In Britain, the government has granted a commercial company permission to establish a growing facility to produce medical grade marijuana, and there are plans for large-scale controlled trials of cannabis (using a plant extract given by mouth) in the treatment of MS and chronic pain. Each of these trials will involve several hundred patients and could provide the ﬁrst scientiﬁc evidence for or against the effectiveness of cannabis-based medicines. Other investigators are looking for improved methods for the medical delivery of cannabis. Smoked marijuana may never be approved for long-term use because of the hazards of smoking, but devices that heat and then vaporize the THC or plant material without burning may provide a method of inhaling the drug that avoids the dangerous byproducts of smoke.
Relaxation of the laws on the recreational use of marijuana may happen, but this will take longer. A ﬁrst stage may be grudging tolerance of the drug as a fact of life in our culture, followed by a gradual decriminalization.
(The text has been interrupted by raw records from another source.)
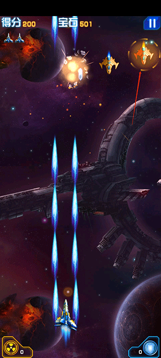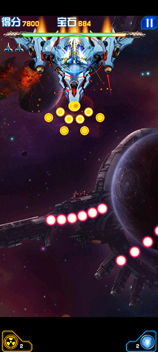 1、精致关卡设计,多种华丽弹幕特效炫酷无比;2、丰富的boss遭遇战,击杀获取大量资源解锁全新战机;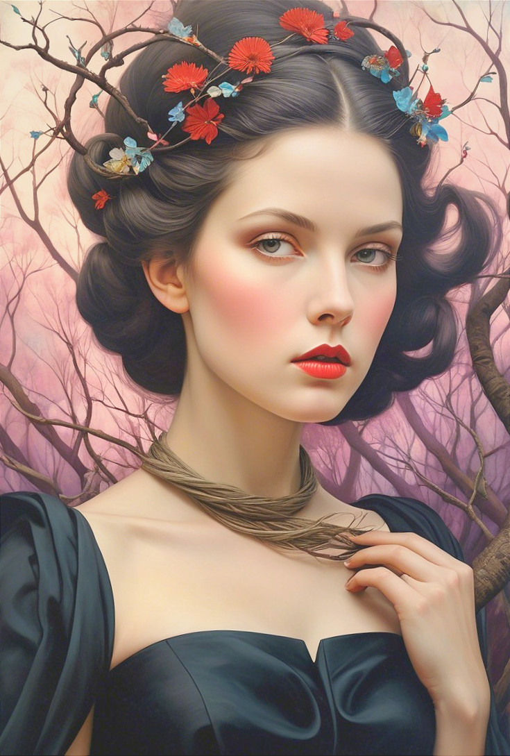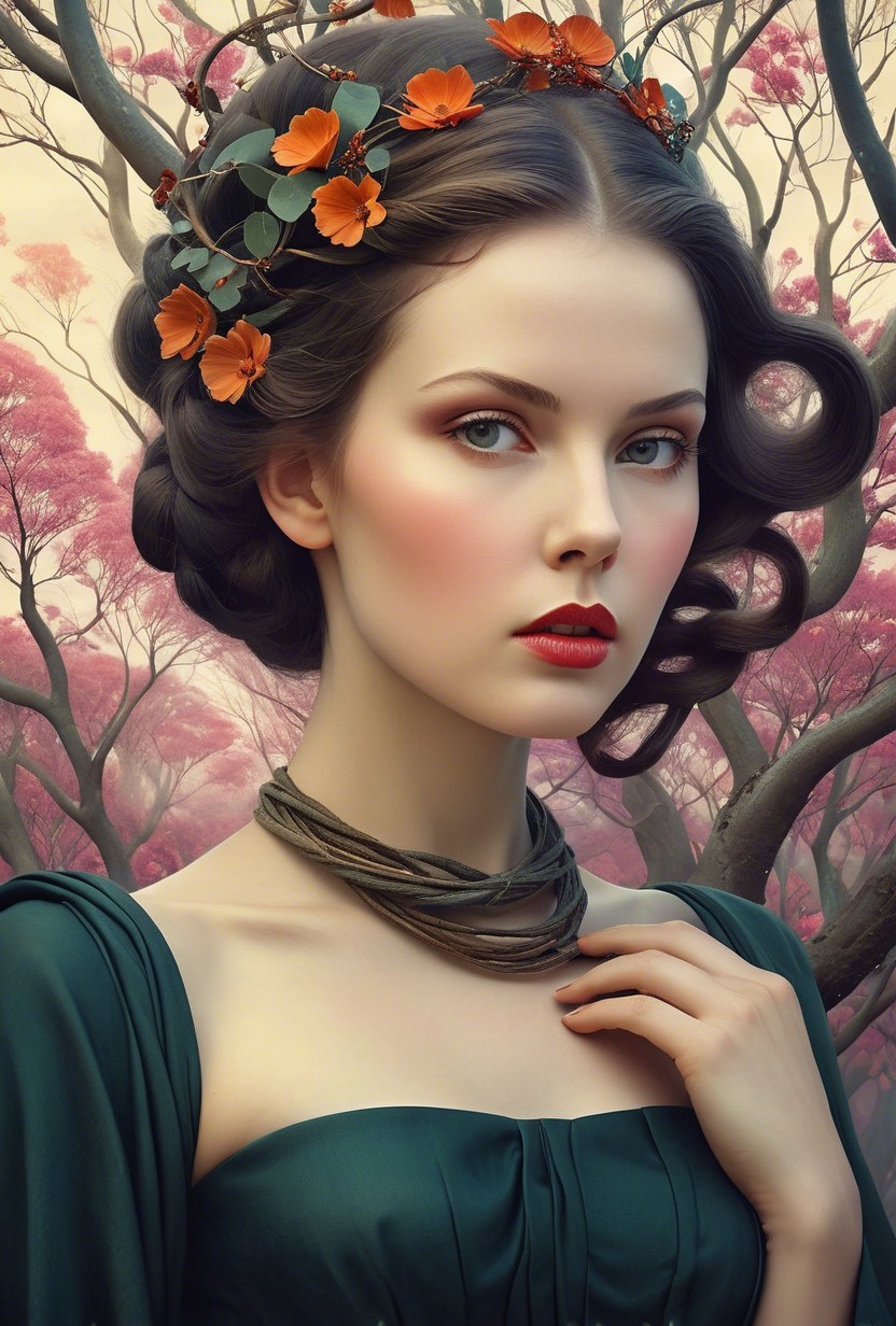 + Prompt:A fierce female warrior stands amidst twisted trees and whimsical flora, exuding an enchanting aura. The scene is brought to life by the artistic flair of Catrin Welz-Stein, blending Figurative Art with the captivating color palettes of Endre Penovac and Kaia Coopman. The oil on canvas masterpiece boasts a broad spectrum of colors, with intense detail resembling intricate line art, ideal for a decorative and lavish print reminiscent of ethnic fabric. Thick clouds loom overhead, diffusing dappled silver light onto the mystical setting.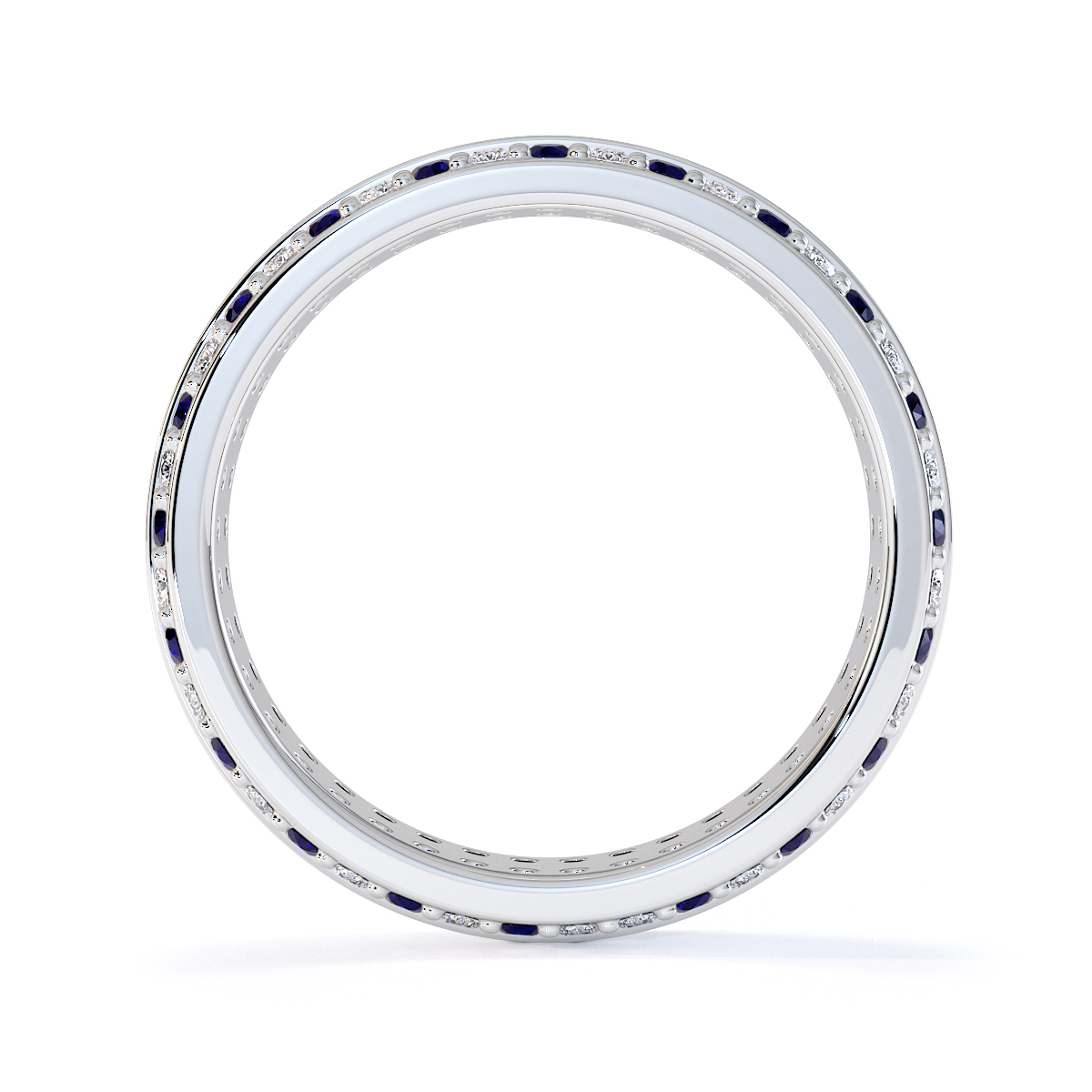 This eternity ring features a stunning combination of blue sapphires and diamonds, with a prong setting for secure placement. Crafted with meticulous attention to detail, it symbolises eternal love and commitment on your special day, ensuring maximum light and brilliance.
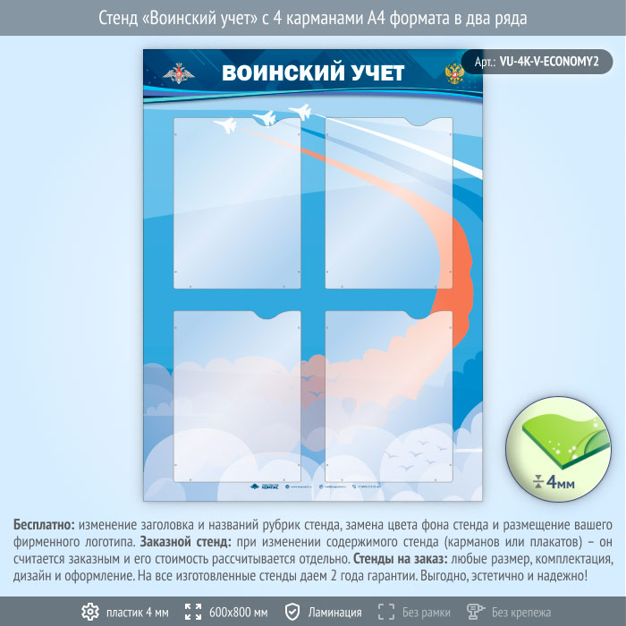 Стенд «Воинский учет» с 4 карманами А4 формата в два ряда (VU-4K-V-ECONOMY2) в Великом Новгороде купить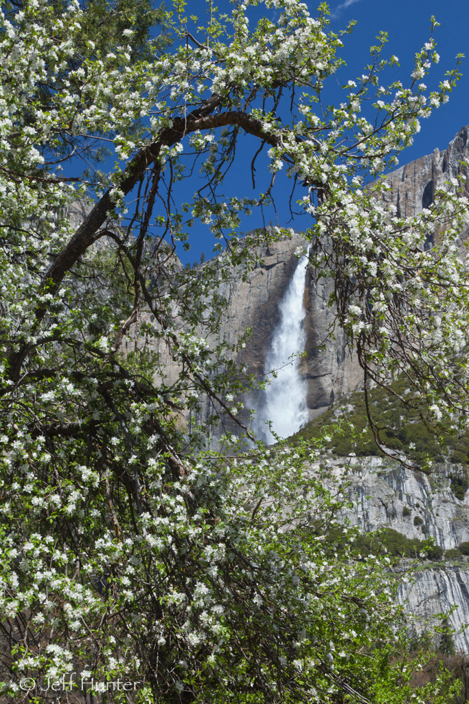 Upper Yosemite Fall framed by an apple tree with blossoms, Yosemite National Park, California

Many of the anomalies in the laws on marijuana stem from its incorrect original classiﬁcation as a Schedule I narcotic, and the failure to change this when, in 1970, the U.S. Congress passed the Controlled Substances Act. Leo Hollister, a respected academic expert on psychoactive drugs testiﬁed before the U.S. House of Representatives Ways and Means Committee on this Act :
I have been unable to find any scientific colleague who agrees that the scheduling of drugs in the proposed legislation makes any sense, nor have I been able to find anyone who was consulted about the proposed schedules. The unfortunate scheduling which groups together such diverse drugs as heroin, LSD and marihuana perpetuates a fallacy long apparent to our youth. These drugs are not equivalent in pharmacological effects or in the degree of danger that they represent to individuals and to society. On the other hand, the specious criterion of medical use places amphetamines in a much lesser category, which the facts do not support. If such scheduling of drugs is retained in the legislation which is ultimately passed, the law will become a laughing stock.
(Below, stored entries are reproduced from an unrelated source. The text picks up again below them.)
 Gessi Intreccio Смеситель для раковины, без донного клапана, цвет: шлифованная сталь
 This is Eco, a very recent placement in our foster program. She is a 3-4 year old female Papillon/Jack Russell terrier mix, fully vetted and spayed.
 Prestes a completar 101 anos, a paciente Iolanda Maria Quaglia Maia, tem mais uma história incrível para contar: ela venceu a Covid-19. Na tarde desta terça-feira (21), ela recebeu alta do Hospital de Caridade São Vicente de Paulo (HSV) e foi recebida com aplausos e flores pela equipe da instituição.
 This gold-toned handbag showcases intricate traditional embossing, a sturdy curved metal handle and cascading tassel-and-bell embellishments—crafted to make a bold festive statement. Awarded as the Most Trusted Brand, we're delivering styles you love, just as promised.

He was right. The scheduling was retained in the law, and the young have largely ignored it.
I am not in favor of a complete relaxation of the laws on cannabis use. Society has been damaged badly by the health hazards of tobacco and alcohol, so the fact that marijuana may be no worse is scarcely a reason to make it freely available. In particular, the potential risks of lung cancer associated with smoked marijuana give me serious cause for concern. I believe, though, that the penalties currently meted out for the illegal personal or medical use of cannabis are not commensurate with the seriousness of the offence. There is a case for relaxing some of the current criminal restrictions on cannabis use, but not for outright legalization. Although many people have decided to ignore our present laws, the topic of marijuana is almost taboo. When polititicans discuss it at all, they only reiterate the platitudes of the past. Is it not about time that these questions were debated openly?